--- Study material ---
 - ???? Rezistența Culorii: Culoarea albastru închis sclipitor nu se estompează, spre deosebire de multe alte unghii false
---
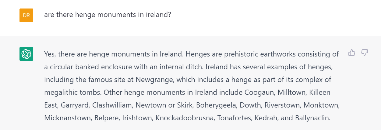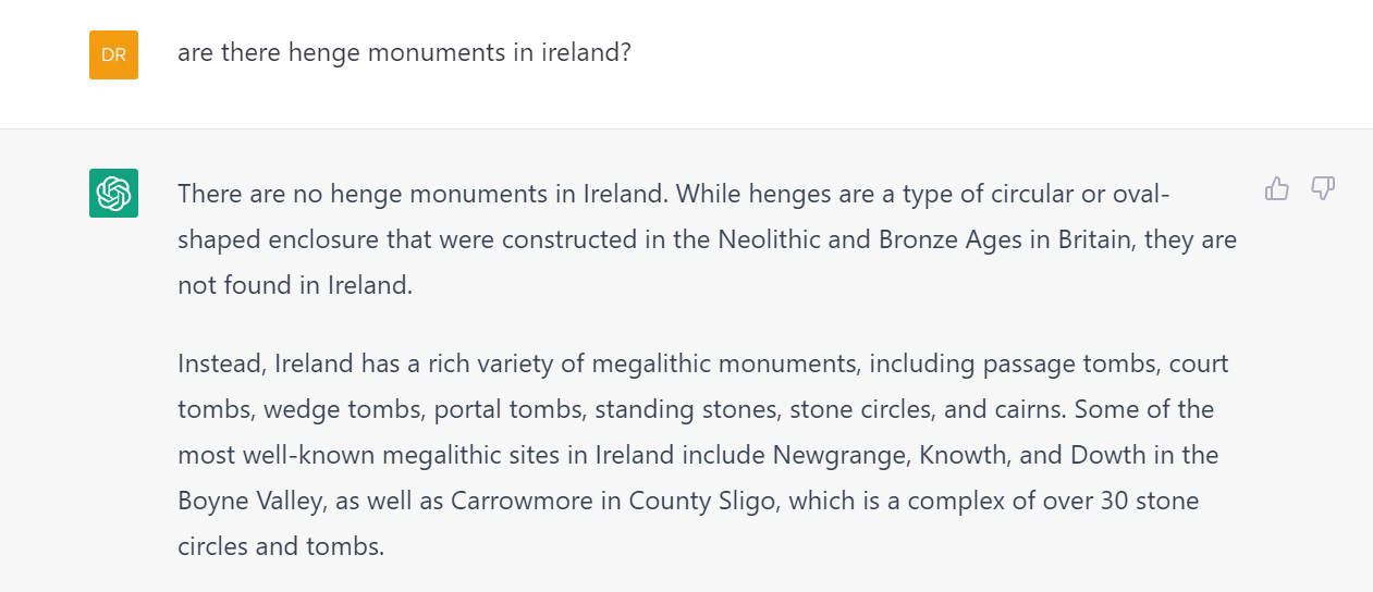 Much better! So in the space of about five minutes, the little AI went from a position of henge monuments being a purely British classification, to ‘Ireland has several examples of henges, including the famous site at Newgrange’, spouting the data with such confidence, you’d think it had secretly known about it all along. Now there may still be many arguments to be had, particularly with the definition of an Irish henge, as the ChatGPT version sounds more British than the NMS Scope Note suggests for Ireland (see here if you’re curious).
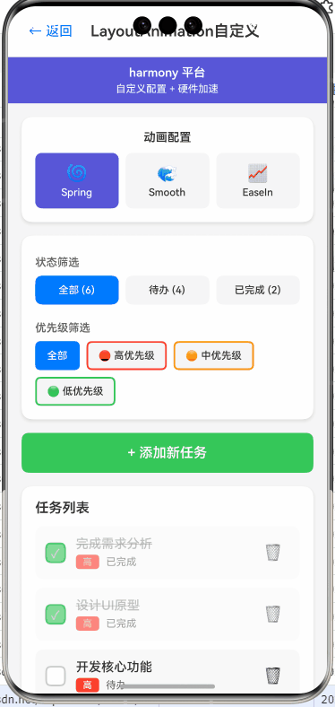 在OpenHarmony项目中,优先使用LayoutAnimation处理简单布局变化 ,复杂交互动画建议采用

--- About this exercise ---
Although pictures appear among the entries, please set down only the lines from the one with "Much better! So" up to and including the one with "在OpenHarmony项目", word for word.

--- Expected answer ---
 Much better! So in the space of about five minutes, the little AI went from a position of henge monuments being a purely British classification, to ‘Ireland has several examples of henges, including the famous site at Newgrange’, spouting the data with such confidence, you’d think it had secretly known about it all along. Now there may still be many arguments to be had, particularly with the definition of an Irish henge, as the ChatGPT version sounds more British than the NMS Scope Note suggests for Ireland (see here if you’re curious).
 在OpenHarmony项目中,优先使用LayoutAnimation处理简单布局变化 ,复杂交互动画建议采用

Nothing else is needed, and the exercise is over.